Don’t be surprised if you find male nurses taking care of patients in state-run hospitals in the near future.

For, the Mamata Banerjee government has decided to launch a training course for male nurses for the first time in the state.

Interestingly, the move comes at a time when the healthcare sector is hamstrung by a shortage of nurses and other staff.

The health department headed by the chief minister will publish advertisements in newspapers on Wednesday in this regard.

While the practice of having male nurses seems to have started off in Europe centuries ago, men have failed to break the hold of women in this profession.

According to unconfirmed estimates, about 6 to 7% of US nurses are males.

In India, the share is even smaller.

In fact, not many states have male nurses.

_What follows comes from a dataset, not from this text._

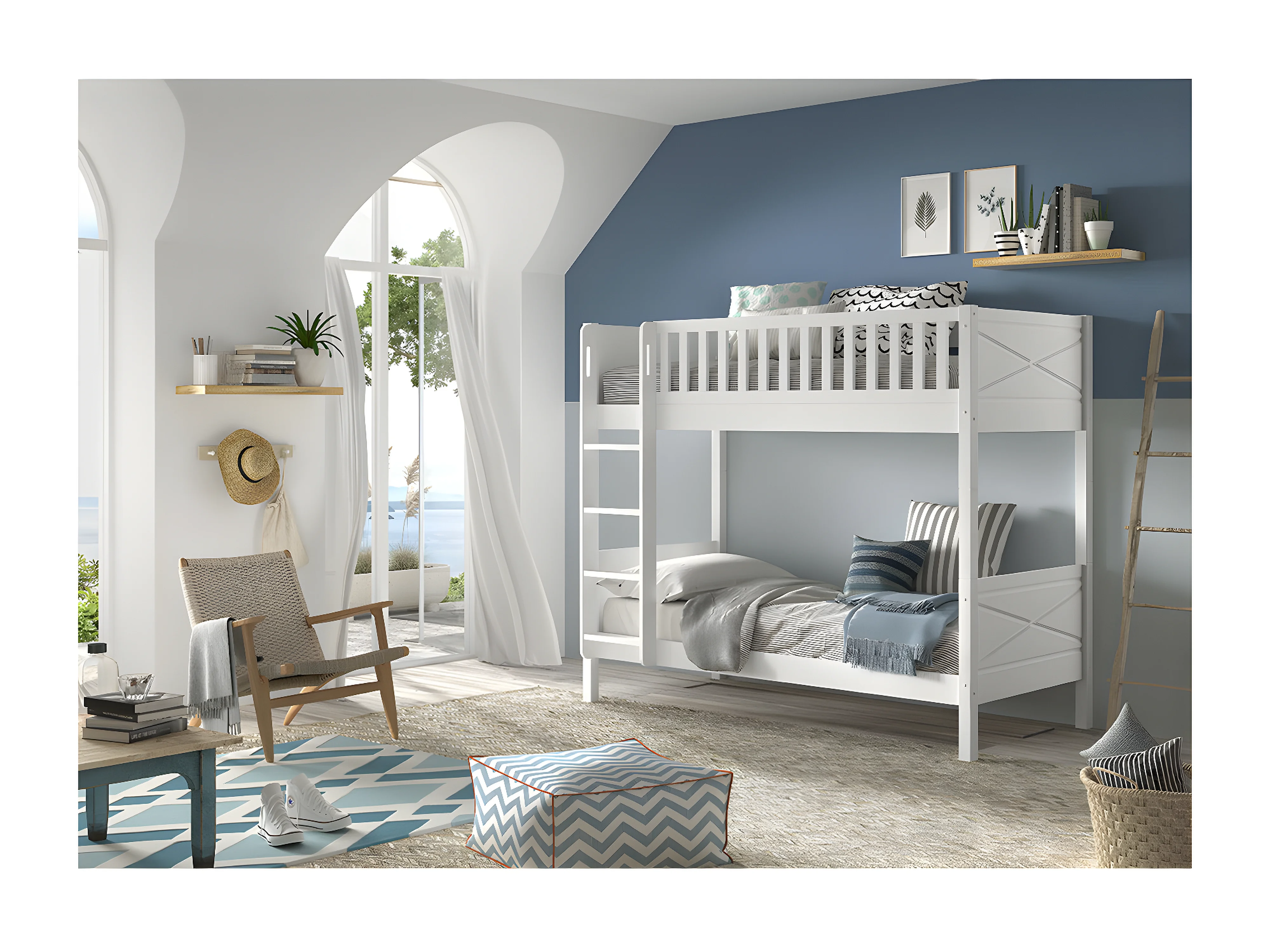 VIVIEN - Lit Superposé en Pin Laqué Blanc 90x200cm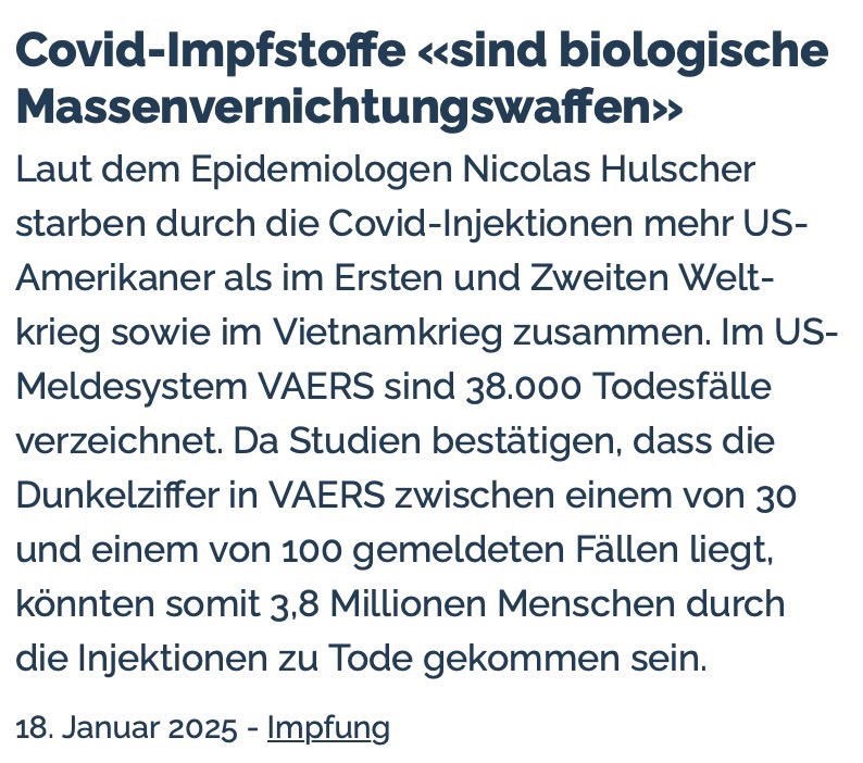 Es sollte selbst hardcore Impfgegnern klar sein, dass diese Zahlen nicht korrekt sein können. Als Referenz wird im Artikel ein Video-Interview von Hulscher zitiert - wenn der das sagt, muss es ja stimmen. Dazu sei angemerkt, dass eine publizierte Arbeit von ihm zu den angeblichen Impftoten wegen schwerwiegender Mängel vom Journal zurückgezogen wurde und ein hochgeladener Preprint zu dem Thema von Lancet am nächsten Tag entfernt wurde. Ich erspare mir hier Details zu den Kritikpunkten, die allesamt valide sind.

“A training course of two and a half years for multi-skills male health workers will be launched from coming November. We will publish advertisements in newspapers giving the details of the course fees and academic qualifications of candidates. Initially, there would be 100 seats,” Dilip Kumar Ghosh, secretary of the West Bengal Medical Faculty, told HT.

Sources in the health department at Swasthya Bhaban said that the chief minister has already approved the training course that will be launched from November.

The course will be held at Netaji Subhas Sanatorium in Nadia’s Kalyani.

Candidates who have passed the higher secondary examination in the science stream with physics, chemistry and biology as main subjects can apply.

There will be a practical training programme in different staterun hospitals for six months after the final exam.

The course fee is 6,000 per year and the minimum age limit is 17 years.

A senior official of the state directorate of health services said that the male nurses would do the job of nurses except in gynaecology and maternity departments in the state-run medical colleges and hospitals.

They will work like paramedical staff administering injections and IV fluids, giving oxygen to patients.

The health department may increase the number of seats if the demand increases, the official added.

“There are several departments such as trauma care, psychiatry, emergency wards, male wards where the services of multi-skills male health workers are needed. Besides the gynaecology and maternity wards, they may be deputed in all other departments in hospitals. Few states in the country have introduced the male nursing course,” said Swantana Kundu, deputy director of health services (nursing).

Incidentally, there are around 20,000 indoor nurses in the government healthcare system while the state requires 10,000 more to provide minimum medical attention to patients.